* WORK ITEM: Your copy begins at the line with "(Melange Jersey): 底布採用帶有混色/麻花效果的單面針織布,低調的底色與高調的金屬燙箔形成完美的商業視覺平衡。" and runs through the end of the data below. Set down only those lines exactly, without pictures.

* RECORDED DATA:

========================================

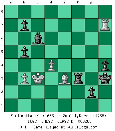 Last move : 0-1 2022 November 9 18:23:56 [Event "FICGS__CHESS__CLASS_D__000289"] [Site "FICGS"] [Date "2022.10.19"] [Round "1"] [White "Pintor,Manuel"] [Black "Zmolil,Karel"] [Result "0-1"] [WhiteElo "1693"] [BlackElo "1738"] 1.e4 d5 2.exd5 Qxd5 3.Nc3 Qd8 4.d4 e6 5.f4 Ne7 6.Nf3 Nd5 7.Nxd5 Qxd5 8.c3 Be7 9.Qb3 Qxb3 10.axb3 O-O 11.Bd3 Nc6 12.O-O a6 13.Ng5 h6 14.Nh3 Bd6 15.Nf2 f5 16.g4 Bd7 17.h4 fxg4 18.Nxg4 Be7 19.h5 Bh4 20.Be3 Ne7 21.Ne5 Be8 22.Kg2 Nf5 23.Bxf5 Rxf5 24.Ng6 Rxh5 25.f5 exf5 26.Nxh4 Rxh4 27.Rxf5 Bg6 28.Rf4 Rxf4 29.Bxf4 c6 30.Kf3 Bf5 31.b4 Rf8 32.Ke3 g5 33.Be5 Kh7 34.c4 Be6 35.b3 Kg6 36.Rd1 Rd8 37.Rf1 Bf5 38.Kd2 h5 39.Kc3 h4 40.Ra1 g4 41.b5 axb5 42.cxb5 cxb5 43.Ra7 Be4 44.Ra5 Bc6 45.Ra1 g3 46.Rf1 g2 47.Rf6+ Kg5 48.Rf7 Rg8 49.Bh2 Kg4 50.Bg1 Kg3 51.Rh7 Rf8 52.Rg7+ Kh3 53.Rh7 Rf1 54.Be3 Rf3 0-1 Follow this game move after move (download)A strong memory, concentration, imagination, and a strong will is required to become a great Chess player. (Bobby Fischer) Ich bewundere Kasparows phantasievolle Angriffssiege aus den Achtzigern und Neunzigern, aber wenn man sie mit dem Computer überprüft, nimmt der Computer in jeder zweiten Partie die Opfer an, verteidigt sich und gewinnt. (Vladimir Kramnik) El Rey es una pieza de pelea. ¡Usenlo!. (Wilhelm Steinitz) Les Echecs mettent en conflit, non pas deux intelligences, mais deux volontés. (Lasker) Cactus - It is depressed cucumber. (Ilmars Cirulis)
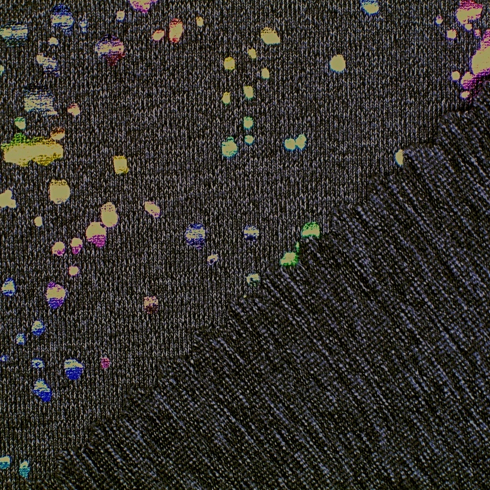 ▸ 質感麻花底布 (Melange Jersey): 底布採用帶有混色/麻花效果的單面針織布,低調的底色與高調的金屬燙箔形成完美的商業視覺平衡。
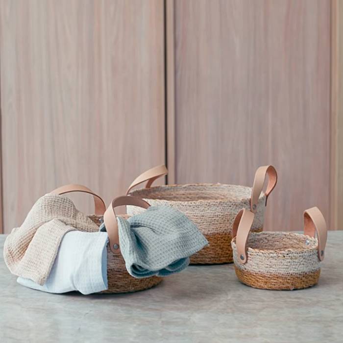 Set x 3 canastas redondas bicolor de fibra natural simil mimbre con asas de cuerina.

========================================

* RESULT OF THIS EXERCISE:
 ▸ 質感麻花底布 (Melange Jersey): 底布採用帶有混色/麻花效果的單面針織布,低調的底色與高調的金屬燙箔形成完美的商業視覺平衡。
 Set x 3 canastas redondas bicolor de fibra natural simil mimbre con asas de cuerina.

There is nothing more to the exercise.